Plus troublant encore, Hiromi et ses amies ne semblent avoir aucun problème à se vendre à de parfaits inconnus, pour acquérir des biens matériels. Et les clients ne semblent avoir eux aussi aucun problème à s'attaquer aux lycéennes et à abuser de jeunes filles de 16 ans... C'est donc le tableau inquiétant d'une société japonaise livrée au matérialisme effréné et à l'immoralité que Murakami fait dans Love & pop.

Toutefois, ce qui fait de Love & Pop un roman particulier dans l'oeuvre de l'auteur est le fait que celui semble vouloir donner quelques sources d'espoir au lecteur. D'habitude le romancier dresse juste un tableau sombre de la société japonaise et laisse un personnage principal e naguère si ce n'est détruit. Ce n'est pas le cas dans Love & pop. En effet, même si on est navré de voir cette bécasse d'Hiromi sombrer dans les joies de l'hyperconsommation, avoir la bêtise d'accepter des rendez vous dangereux et glauques avec des inconnus pour s'acheter une bague puis finalement subir fort logiquement des attouchements sexuels et des violences, le dialogue qu'elle a à la fin de ce roman avec un personnage ainsi que ses réflexions semblent lui dessiller les yeux sur la bêtise de son comportement : même si elle ne comprend pas tout, elle parvient à la vérité salutaire que les plaisirs matériels ne doivent pas être assouvis au mépris de son bien être personnel.
NB : je tiens à mettre en garde ceux qui me lisent : il s'agit là uniquement d'une interprétation personnelle de ma part.

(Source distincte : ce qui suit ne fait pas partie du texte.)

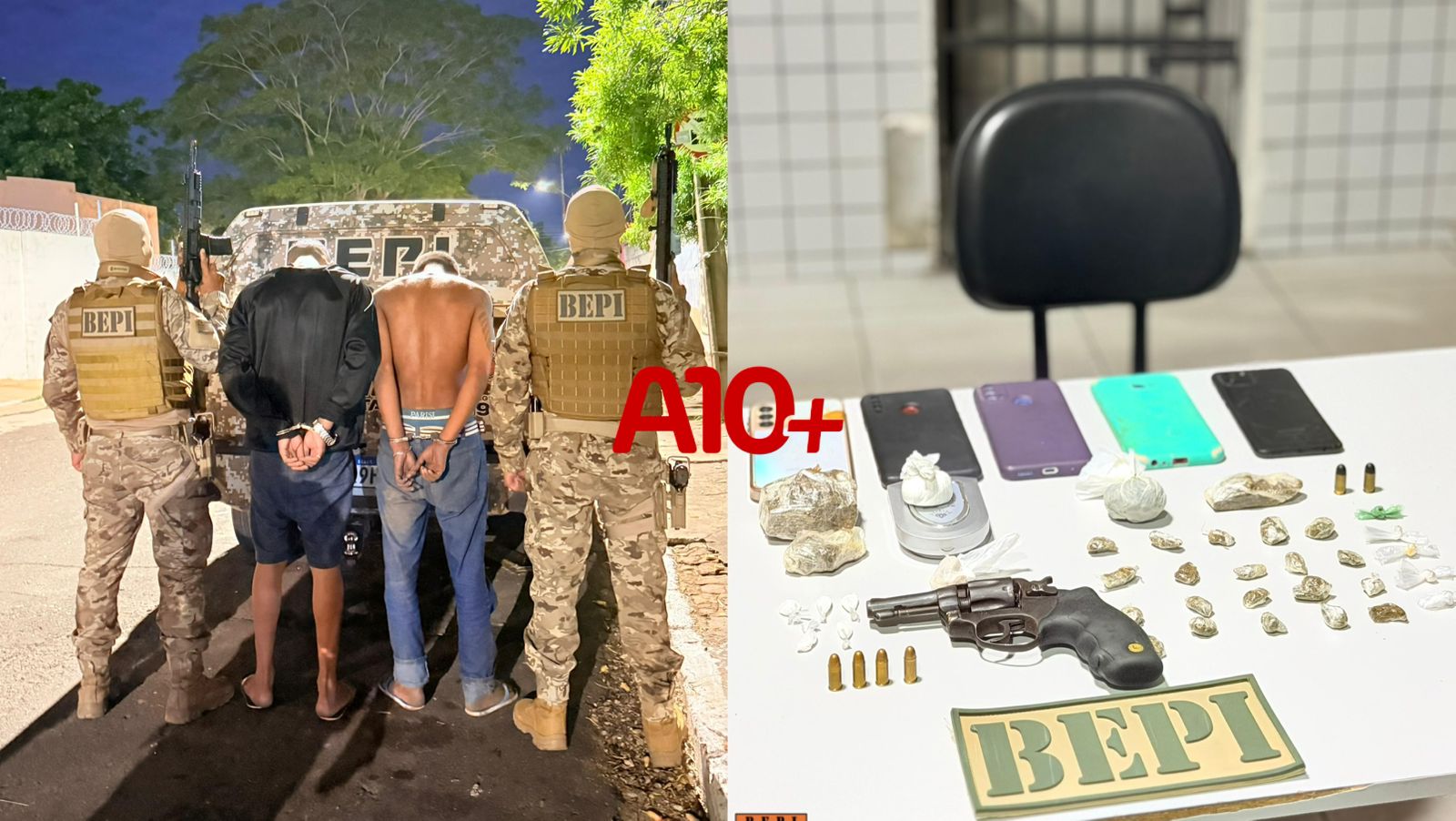 A Polícia Militar do Piauí prendeu, nesta terça-feira (03), dois indivíduos identificados apenas pelas iniciais M. S. S., e K. S. L. S., durante uma ação policial nas proximidades do bairro Palitolândia, zona Sul de Teresina. Foram apreendidas drogas e munições.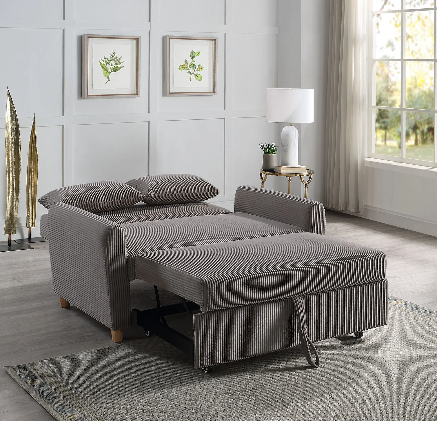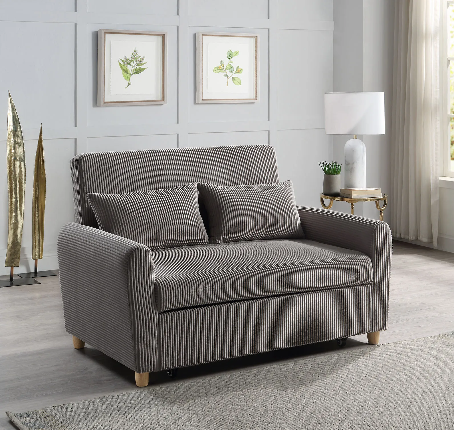 Justine - Corduroy Convertible Sleeper Loveseat - Brown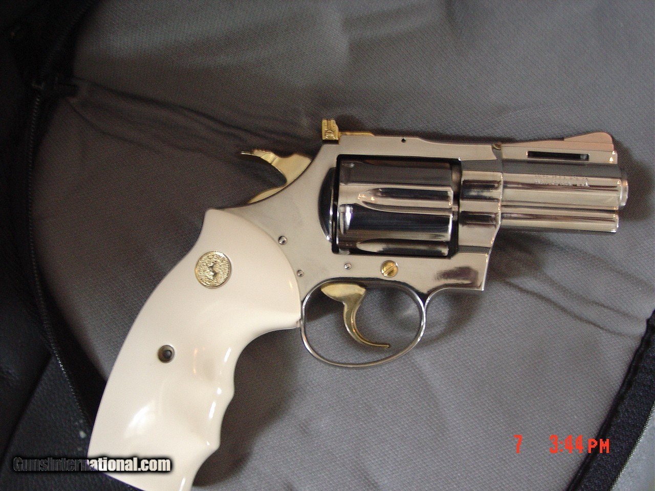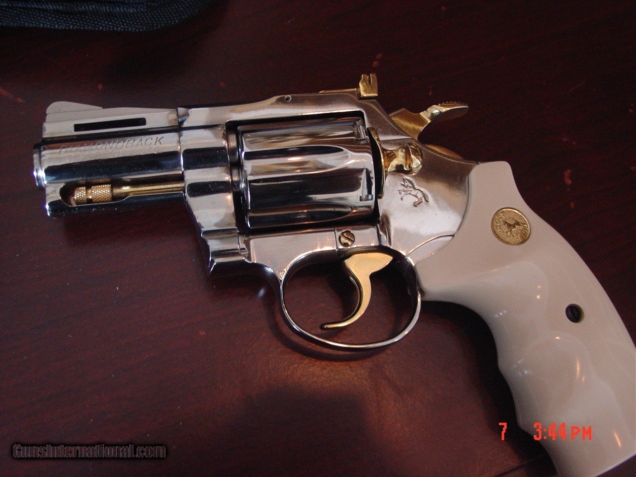 Description: Here is a gorgeous Colt Diamondback made in 1969 & has the very rare 2 1/2" heavy vented rib barrel,newly refinished in bright mirror nickel finish with 24k gold plated hammer,trigger,cylinder release,ejector rod,a screw,& the rear adjustable site, & has bonded ivory griped with finger grooves, & gold Colt medallions,shoots 6 38 special rounds,& action is as smooth as butter.it never looked this good 51 years ago. comes with a soft zipper case. serial # D29521. a lot of gun for only $2995. firm +$35. shipping to your FFL dealer only. I am an FFL dealer.located in the Clearwater,Florida area. I accept bank wire transfers,which is the safest & fastest way. no credit cards or PayPal-sorry. will consider layaway. SOLD Curio/Relic: Yes |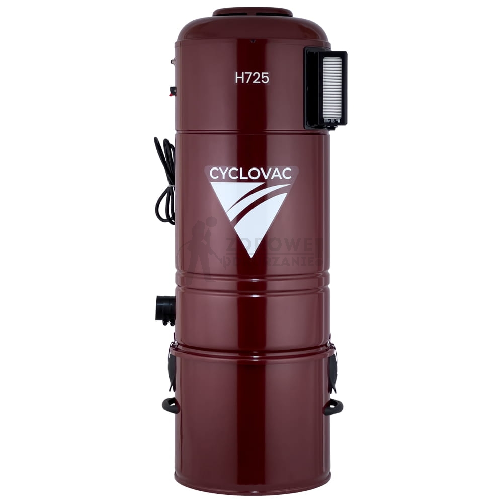 Na uwagę zasługuje także sposób filtracji, odkurzacz Cyclo Vac H725 wyposażony jest w cyklon + samoczyszczący się filtr HEPA pokryty powłoką teflonową oraz opcjonalnie wymienny filtr workowy, pozwala to na skuteczne oczyszczanie powietrza bez utraty mocy ssącej i bez konieczności wykonywania uciążliwych czy kosztownych czynności eksploatacyjnych.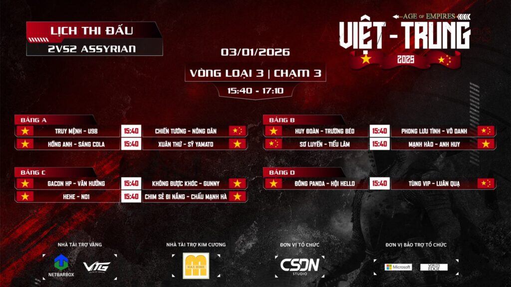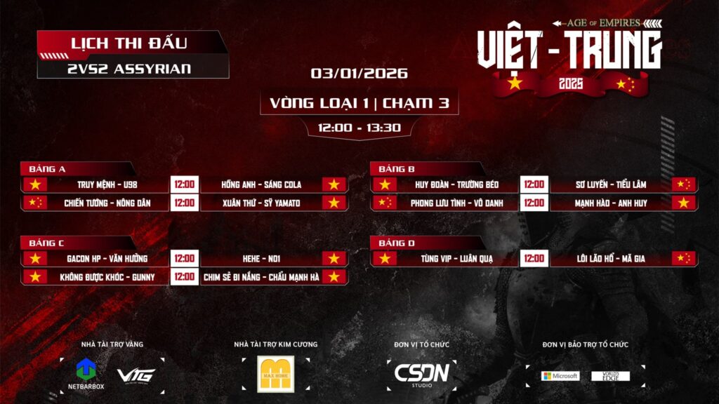 Thời gian thi đấu: 03/01 & 04/01/2026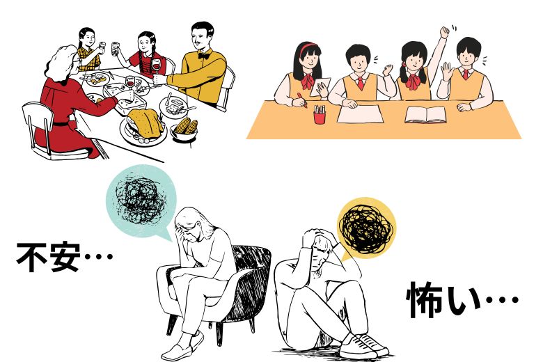 - 人前で過度な不安を感じ、日常生活に支障が出る状態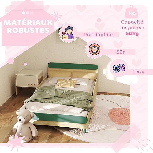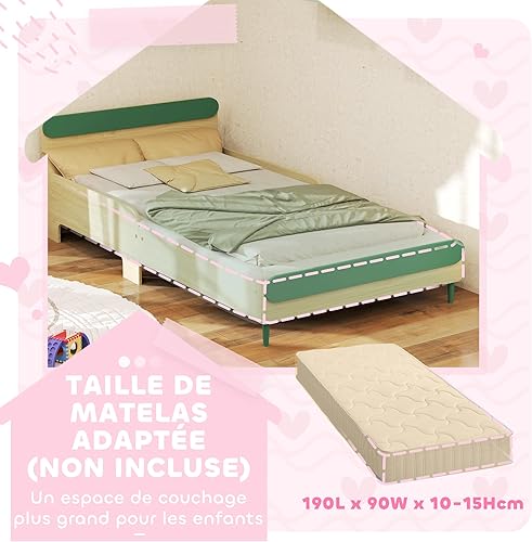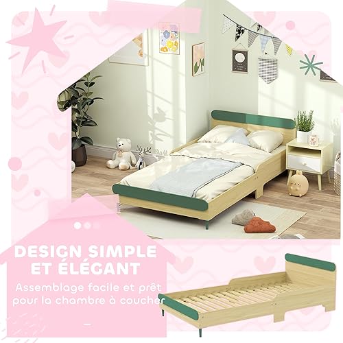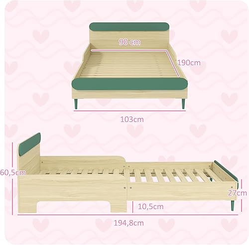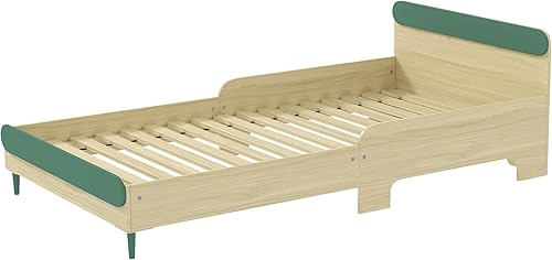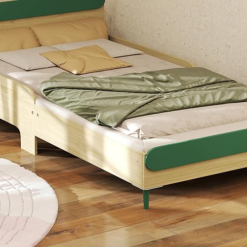 AIYAPLAY Lit Enfant, lit au Sol Enfant 90x190 cm avec barrière de sécurité, sommier à Lattes Inclus, pour Enfants 3-10 Ans, Vert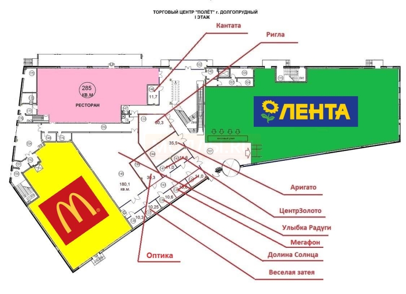 Арендаторы торговой галереи: аптека Ригла, магазин косметики и бытовой химии Улыбка Радуги, магазин чая и кофе Кантата, салон связи Мегафон, ювелирный салон Центрзолото. Открыт ресторан «Моремания», который предлагает блюда из рыбы и морепродуктов.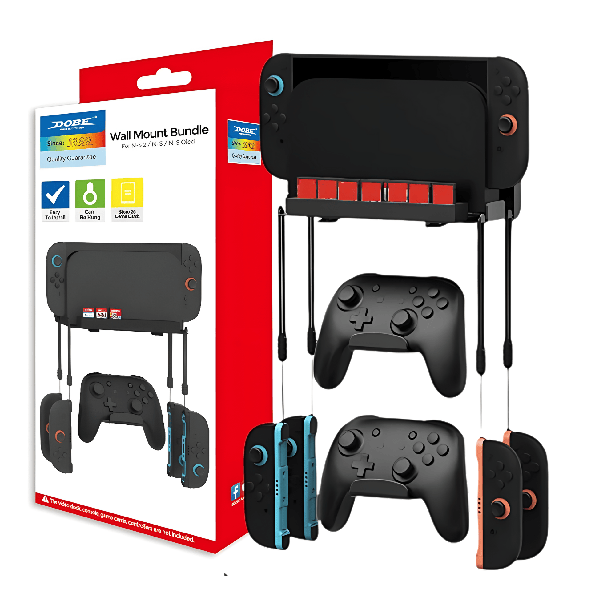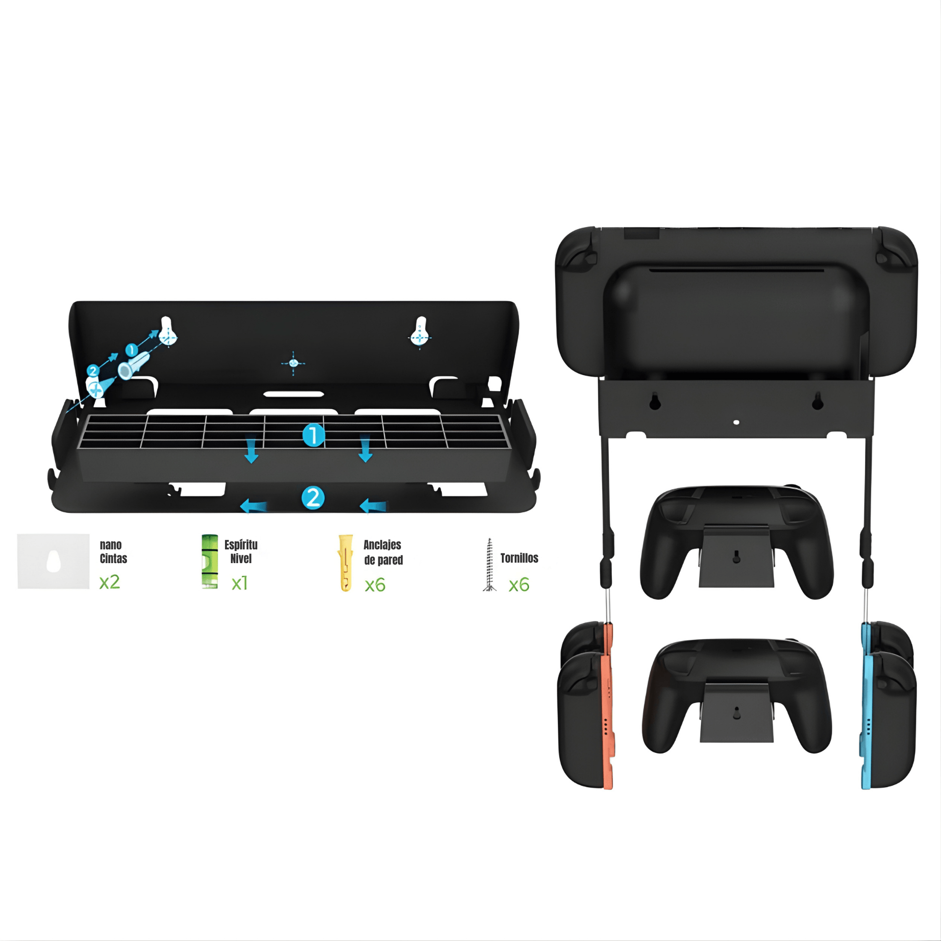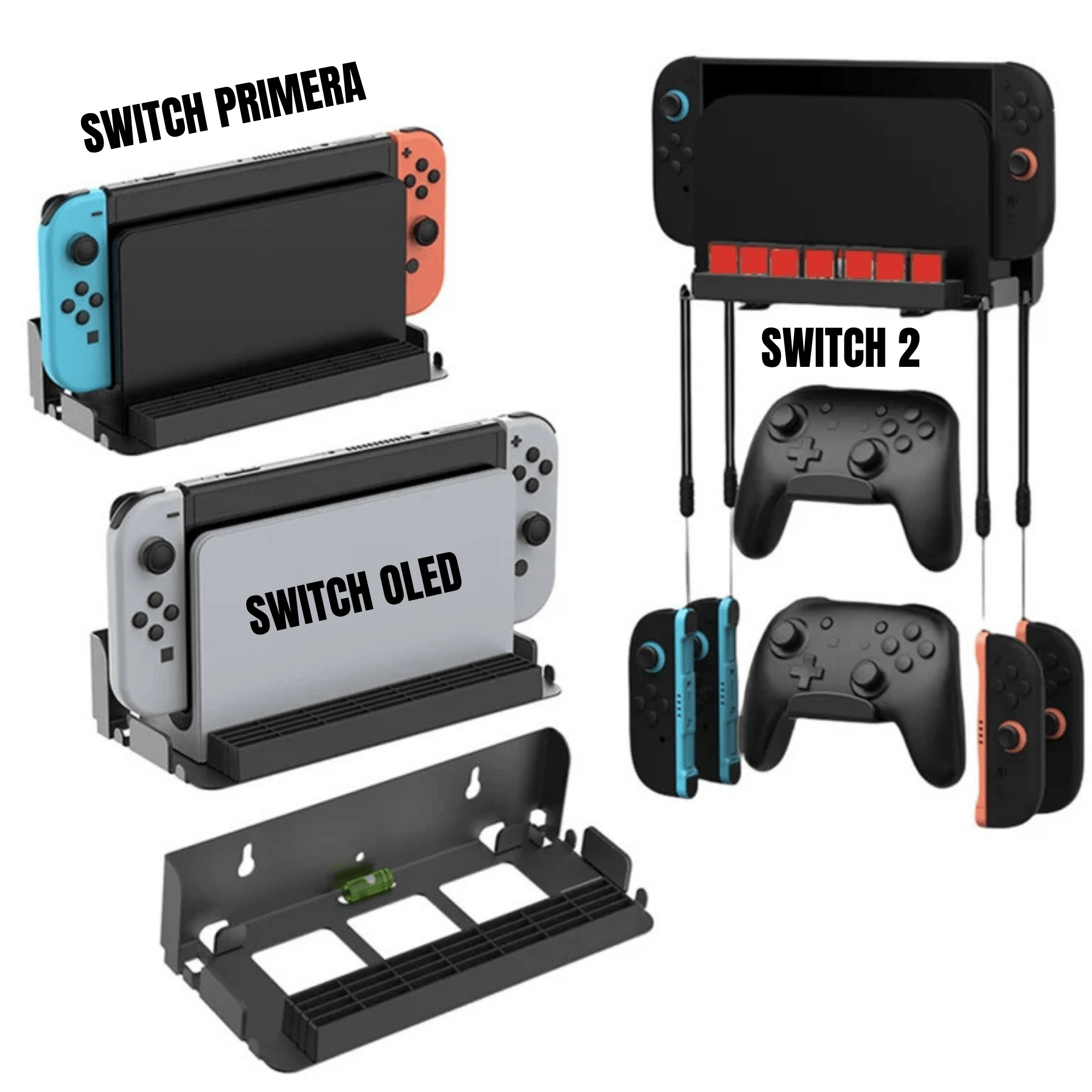- Compatibilidad universal para consolas Nintendo Switch, Switch OLED y Switch 2; montaje seguro en pared.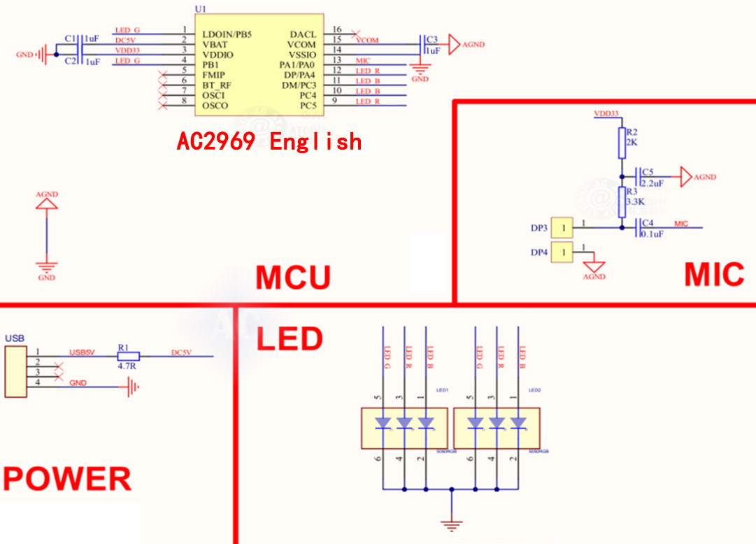 離線語音識別芯片-小夜燈AC2969英語版方案原理圖: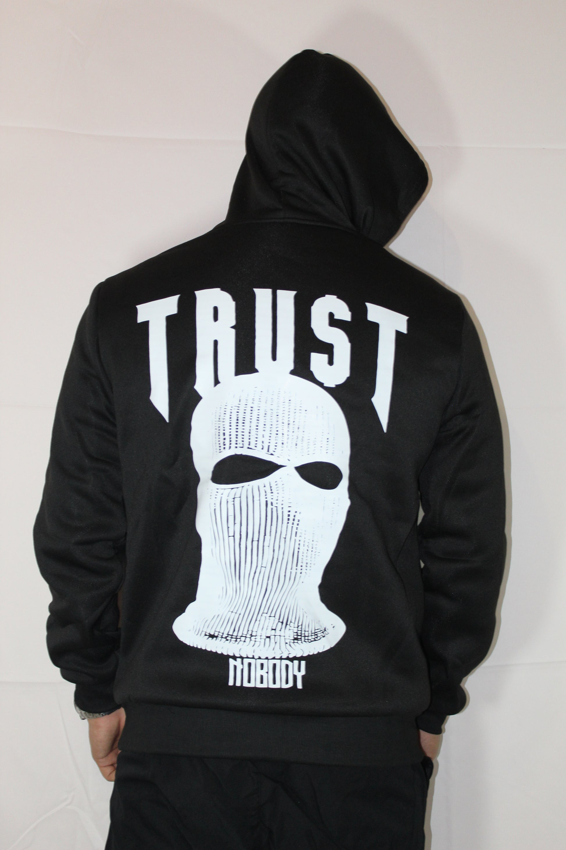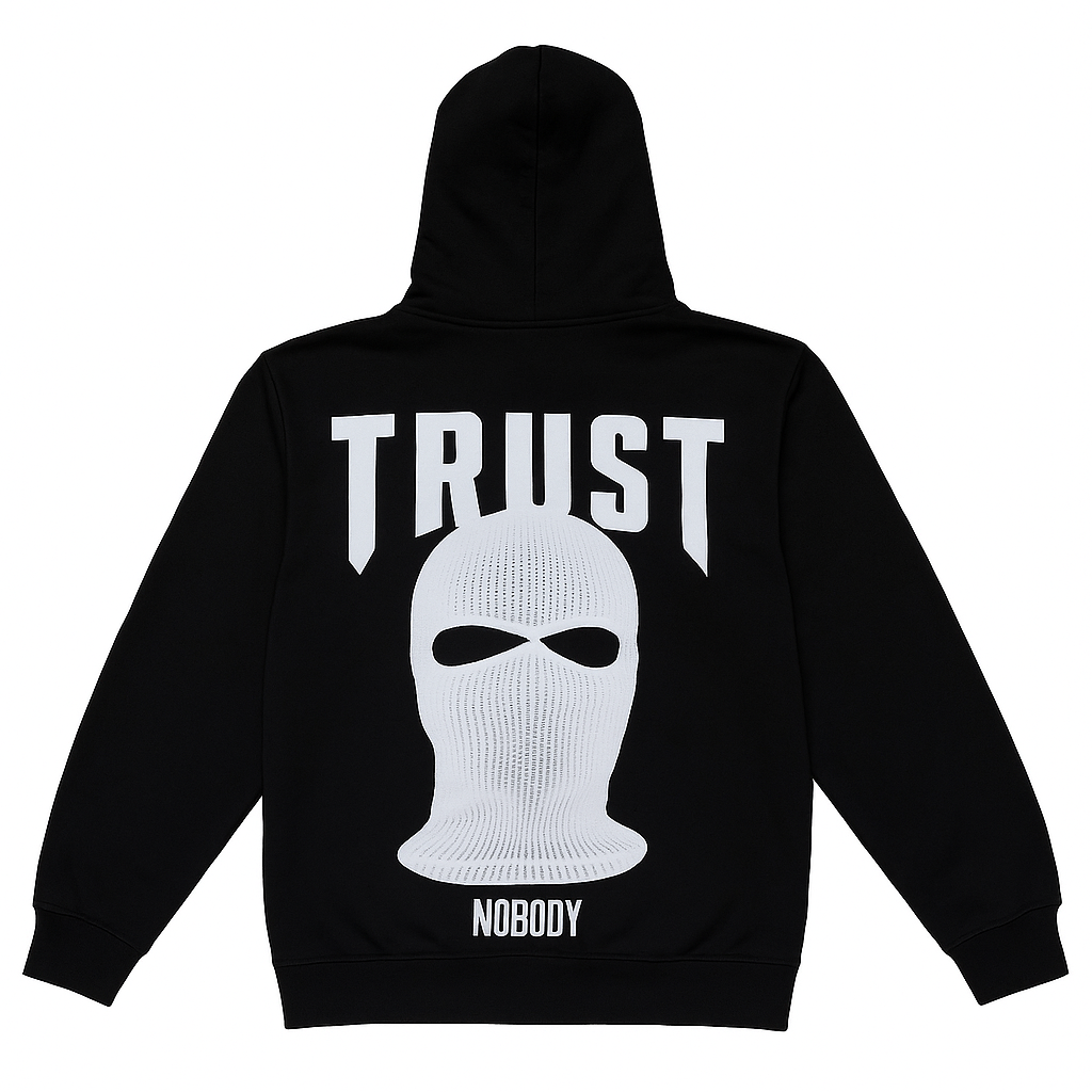 Изрази увереност и независимост с това черно oversized худи с впечатляващ бял принт на гърба – надпис “TRUST NOBODY”. Създадено за хора, които не следват правилата, а ги създават, това худи комбинира комфорт, стил и ясно послание.

Toutefois, ce qui m'a déçu dans ce roman, c'est sa pauvreté stylistique. On ne trouve ici dans ce roman rien des atmosphères qui mettent d'habitude si mal à l'aise le lecteur, avec un mélange de violence et de psychologie. Pas trace non plus des digressions incongrues et si intéressantes des personnages. Peut être pour accentuer leur côté niais, Murakami ne semble pas avoir aussi bien que d'habitude construit ses personnages principaux. Quant un personnages secondaires, ils font un peu lisses...
La seule chose intéressante de ce roman est le fait que parfois l'action s'interrompt, remplacée par un flot de paroles, messages téléphoniques et publicités. Cela est intéressant dans la mesure ou le lecteur en ressent une impression d'étouffement qui illustre la pesanteur de ce Japon de la surconsommation. Mais lire dix pages de messages téléphoniques peut être un peu lassant...

Un roman de l'auteur en demi teinte, qui si il aborde un aspect du Japon intéressant et méconnu et dénonce de manière efficace les problèmes de la société japonaise, ne parvient pas à garder un rythme soutenu tout au long du livre. Au final, un Murakami Ryû plaisant, sans plus.